I recently enquired about an AWK script to keep summing a column until it reaches a certain value then print that line.
The Awk script I got from Alex Reynolds was very helpful and is show below
$ awk '\
BEGIN { \
s = 0; \
} \
{ \
s += $4; \
if (s >= 100) { \
print $0; \
exit; \
} \
}' chr1.bedgraph
I would use this on chr1.bedgraph
chr1.bedgraph
chr1 1000 2000 25
chr1 2000 3000 50
chr1 3000 4000 25
chr1 4000 5000 30
And the awk script would print the line were the sum of $4 is reaches 100
chr1 3000 4000 25
I now want to replace "100" in the line "if(s >=100)" with every value in values.txt (apart from $1)
values.txt
sample1_chr1 200 50 90
sample2_chr1 300 60 40
sample3_chr1 400 20 40
So the script would essentially use the numbers values.txt from line1 $2, $3, $4 then move on to line2 and line3 and so on.
So that the output would print the line from chr1.bedgraph that when it reaches 200 then below that, 50, then 90. then it would print the lines when it reaches 300, 60 and 40.
Any thoughts? I'm not a very experienced programmer and I have been trying to do this for a while now.
Many thanks
If it gets slightly more complicated (like your question now) I guess it becomes time to move away from awk to e.g. python. It's not completely clear what you try to accomplish (and with which purpose).
You are right - I feel I am pushing the limits of awk and its probably time to move over to python.

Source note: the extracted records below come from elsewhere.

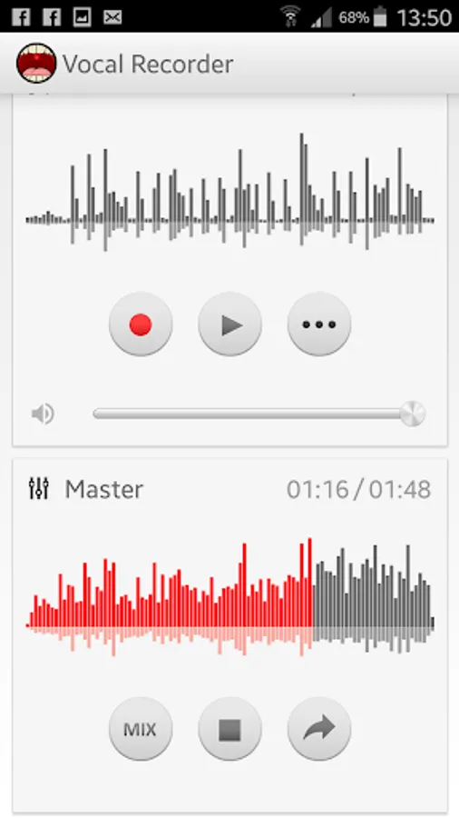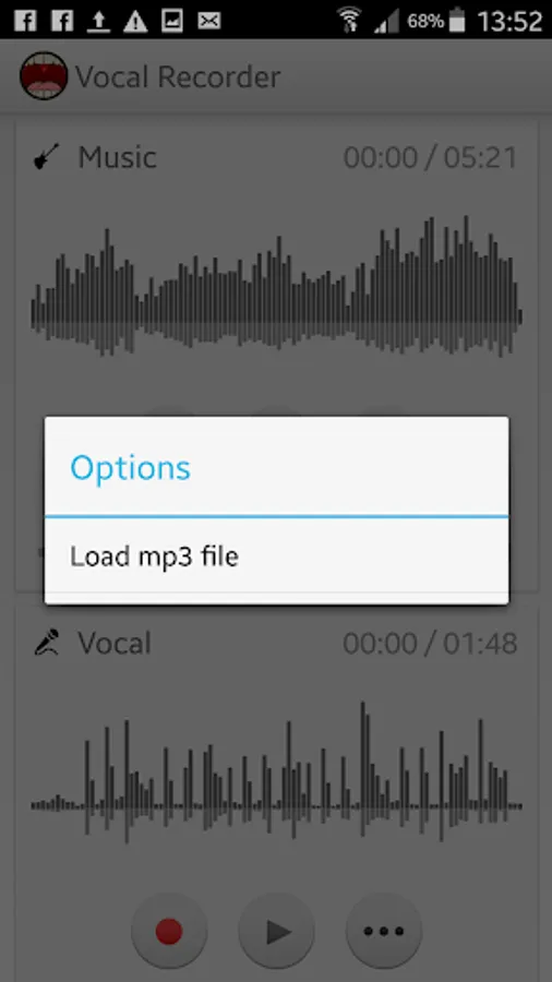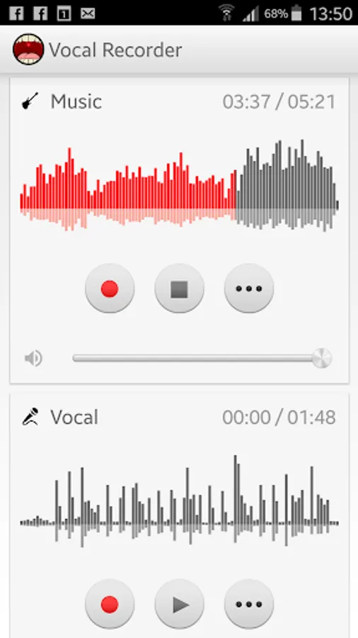 Vocal Recorder is a simple but powerful two track audio recorder that allows to record high quality songs with just your phone. It's ideal for musicians who want to record instrumental and vocal tracks separately to get high quality voice and music recording. It's simple, fast and free.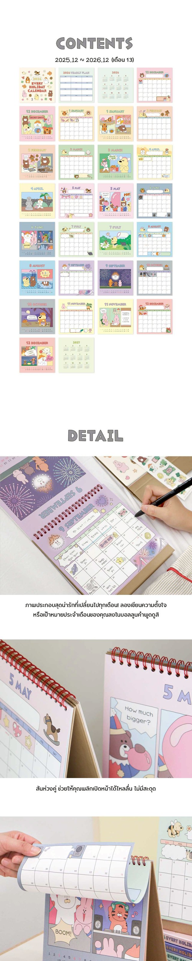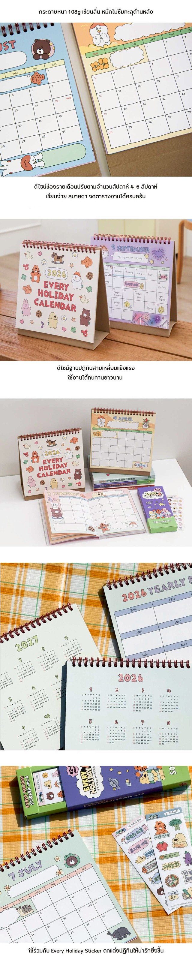 2026 Every Holiday Desk Calendar ปฏิทินตั้งโต๊ะ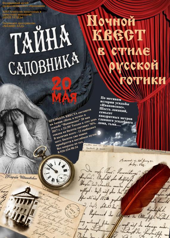 https://vk.com/taynasadovnikaПРЕМЬЕРА КВЕСТА состоится на Акции Ночь в музее в усадьбе "Ивановское" 20 мая 2017 г. с 22:30! Только в этот день скидка на билеты составит 70%. В наличии всего - 12 свободных мест. Билеты уже можно приобрести в вестибюле музея. Все вопросы по тел. - 8-926-234-98-34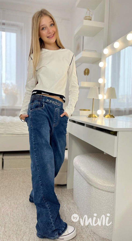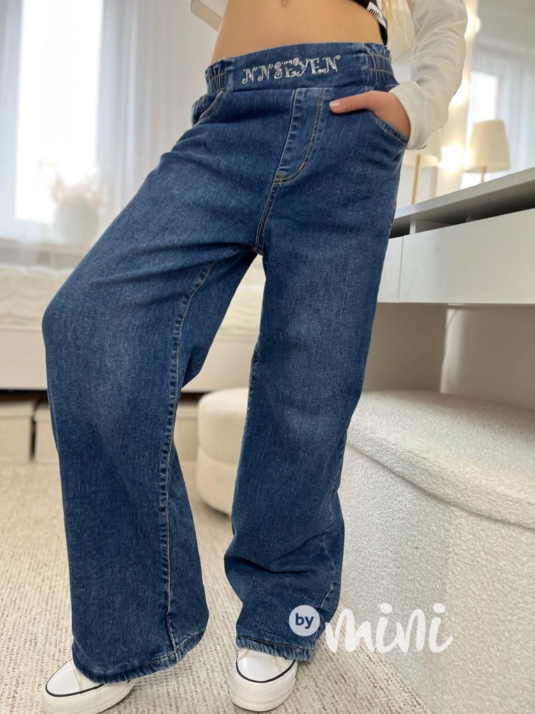 Volné trendy stretch denim kalhoty, pas na stretch gumu, zdobení z kamínků.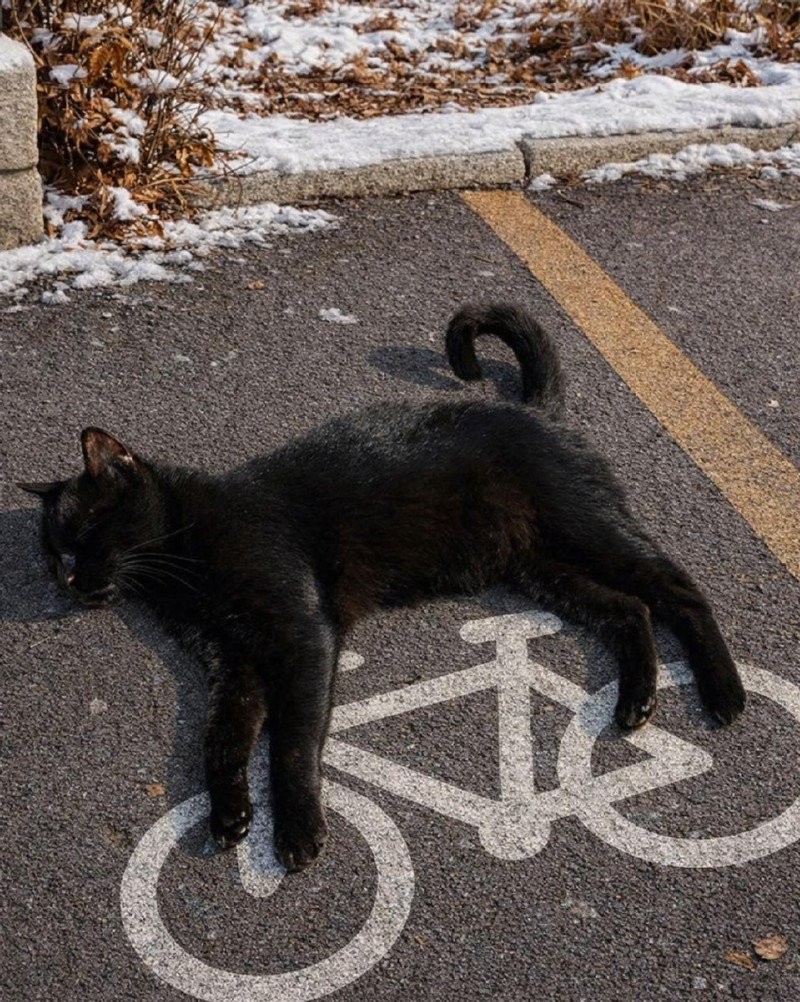 자면서 자전거 타는 고양이 발견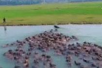 四川蓬安上演“百牛渡江”生态奇观
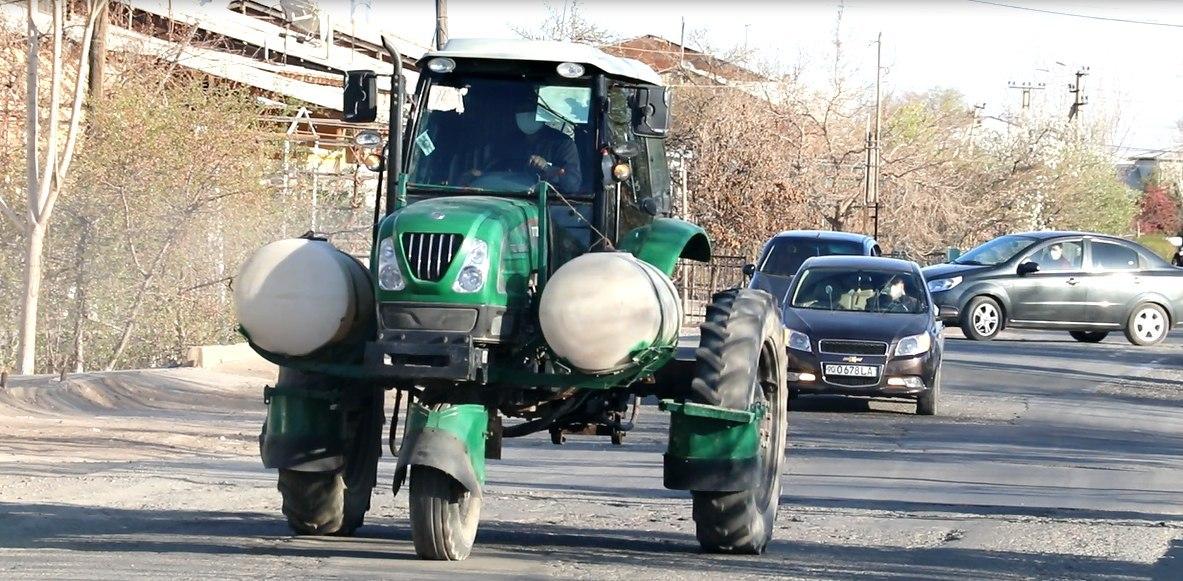 Урганч туманида кенг миқёсли дезинфексия ўтказилмоқда, туманнинг марказий кўчалари ва қишлоқ йўллари трактор ёрдамида махсус ечим билан ишлов берилади.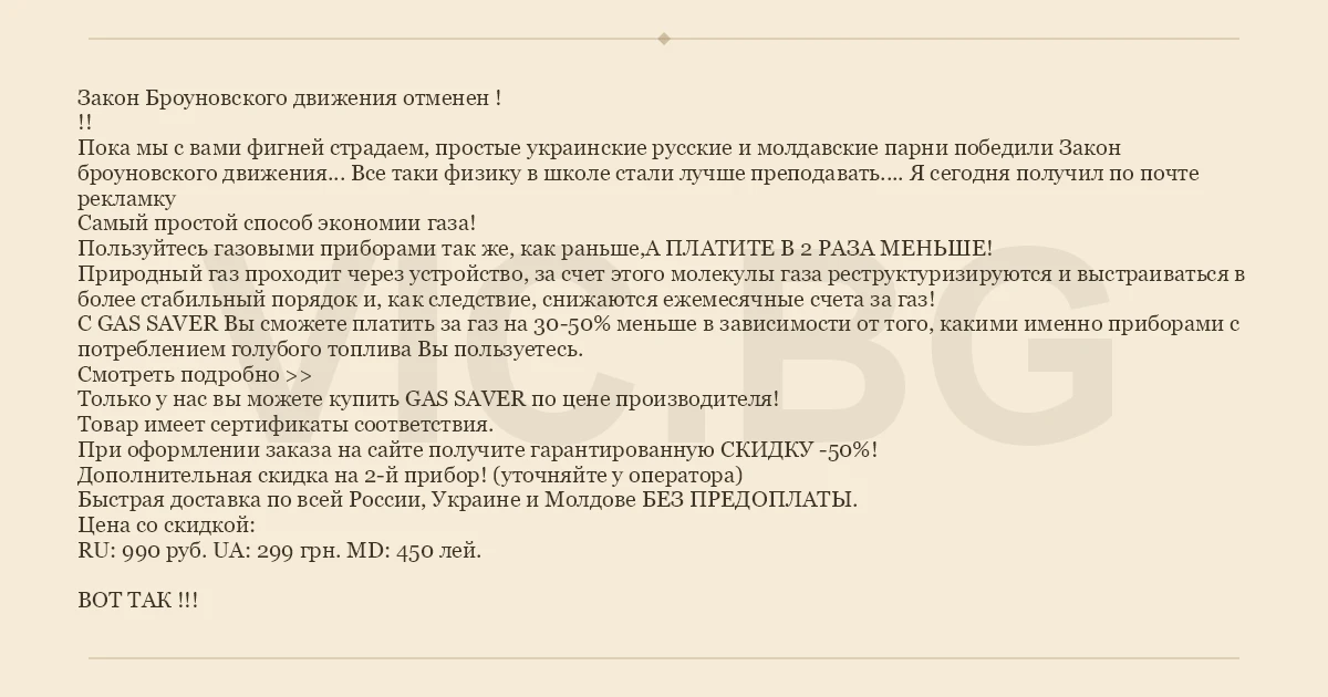 Закон Броуновского движения отменен ! !! Пока мы с вами фигней страдаем, простые украинские русские и молдавские парни победили Закон броуновского движения... Все таки физику в школе стали лучше преподавать.... Я сегодня получил по почте рекламку Самый простой способ экономии газа! Пользуйтесь газовыми приборами так же, как раньше,А ПЛАТИТЕ В 2 РАЗА МЕНЬШЕ! Природный газ проходит через устройство, за счет этого молекулы газа реструктуризируются и выстраиваться в более стабильный порядок и, как следствие, снижаются ежемесячные счета за газ! С GAS SAVER Вы сможете платить за газ на 30-50% меньше в зависимости от того, какими именно приборами с потреблением голубого топлива Вы пользуетесь. Смотреть подробно >> Только у нас вы можете купить GAS SAVER по цене производителя! Товар имеет сертификаты соответствия. При оформлении заказа на сайте получите гарантированную СКИДКУ -50%! Дополнительная скидка на 2-й прибор! (уточняйте у оператора) Быстрая доставка по всей России, Украине и Молдове БЕЗ ПРЕДОПЛАТЫ. Цена со скидкой: RU: 990 руб. UA: 299 грн. MD: 450 лей.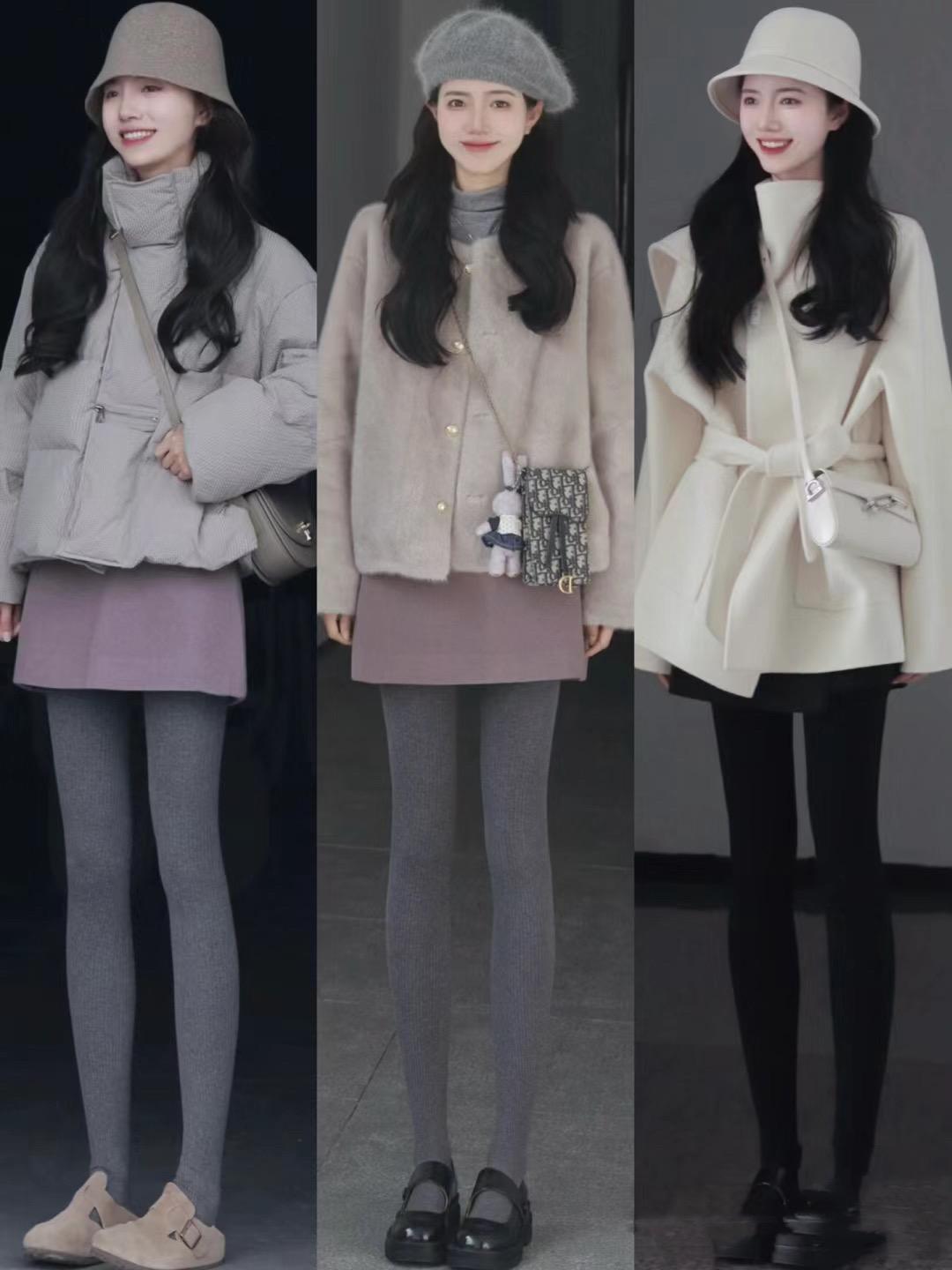 短款的毛呢半身裙,搭配修身的打底褲來穿着,還可以顯得雙腿又細又直。穿這種超短裙的時候,要參考自己的腿型,腿型比較筆直的話,是可以更輕鬆的駕馭這種短外套+毛呢半身裙的組合的。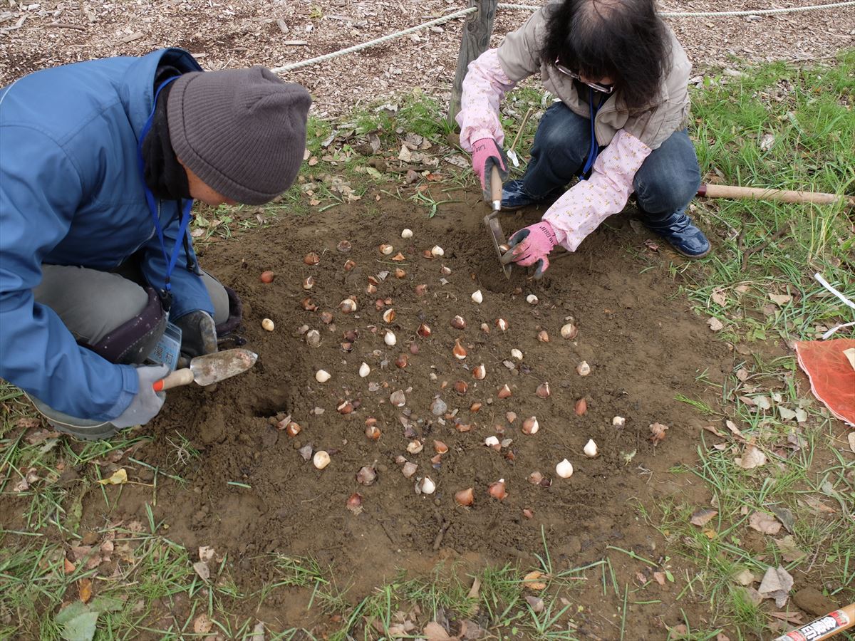 テーマは「球根類の管理」、百合が原公園内の「ムスカリの道」でチューリップ球根の植込みをおこないました。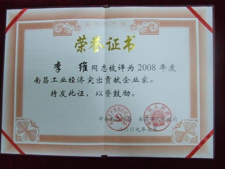 作為南昌市的重點出口單位,百路佳公司憑借優(yōu)異的出口業(yè)績?yōu)?8年交出一份滿意答卷的同時,也讓公司董事長李維的個人領導魅力彰顯無遺。在2009年7月22日召開的由南昌市委、南昌市人民政府組織的“2008年度工業(yè)發(fā)展先進個人和企業(yè)表彰大會”上,李維董事長被南昌市政府授予“2008年度突出貢獻企業(yè)家”榮譽稱號,榮獲此榮譽的還有江鈴企業(yè)董事長等18位優(yōu)秀的企業(yè)領導人。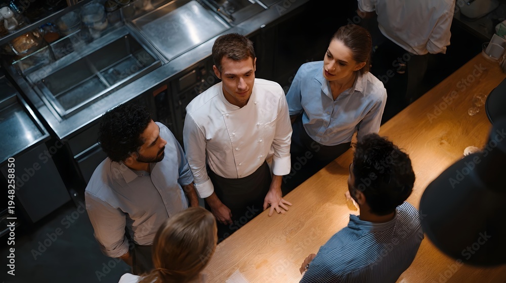 Obraz na płótnie Canvas - Restaurant team in professional meeting around a bar counter high angle view.
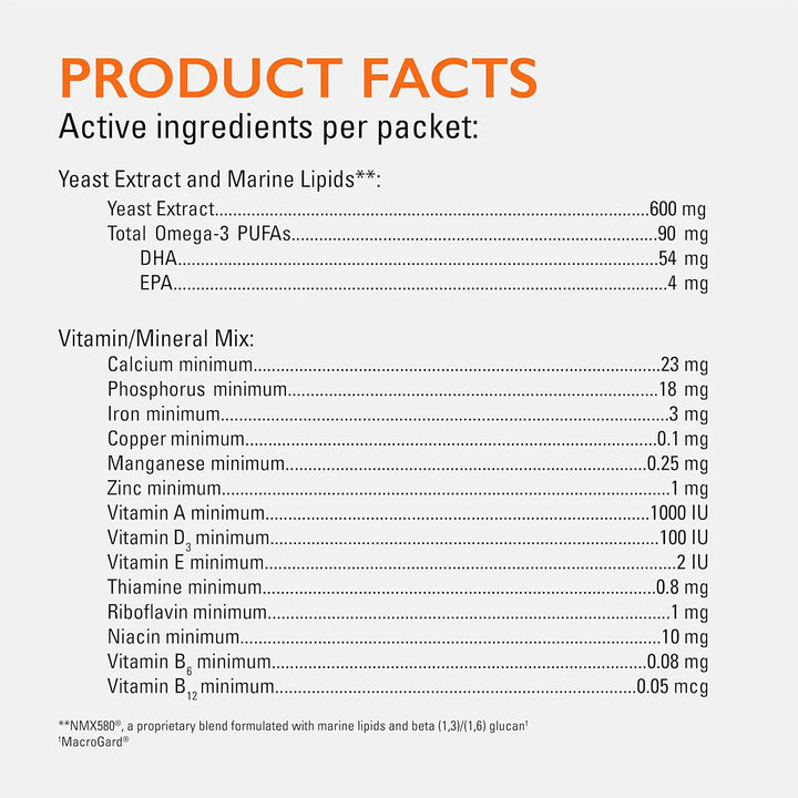 Este suplemento en polvo, formulado con ingredientes premium como beta-glucanos, ácidos grasos omega-3 (EPA y DHA), y una mezcla de vitaminas y minerales, está diseñado para perros de todas las edades. Ayuda a combatir el estrés físico y emocional, común en situaciones como envejecimiento, visitas al veterinario o cambios de entorno.

My apologies for not being more clear. The example I had shown wasn't very well put together. I am basically obtaining "median" values over large peak domains in ChIP-seq with the intention to show movement these genetic loci between individuals(sample1, sample2, sample3). I obtain a total read count across the domain and extract the point where the median read count value lies. Think of it as a centre of gravity value(point at which 50% of the reads lies). I then want to find the 5% and 95% values. My values.txt file contains 4 columns - sample_chr, 5%, 50%, 95%. If i had a script that would use my 5%, 50% & 95% read count values to scan my pre defined domains (like the awk script was doing) it would make the processing a lot faster...Is this a little more clear?
Note: my values.txt file does not represent the real values so that would also make things more confusing.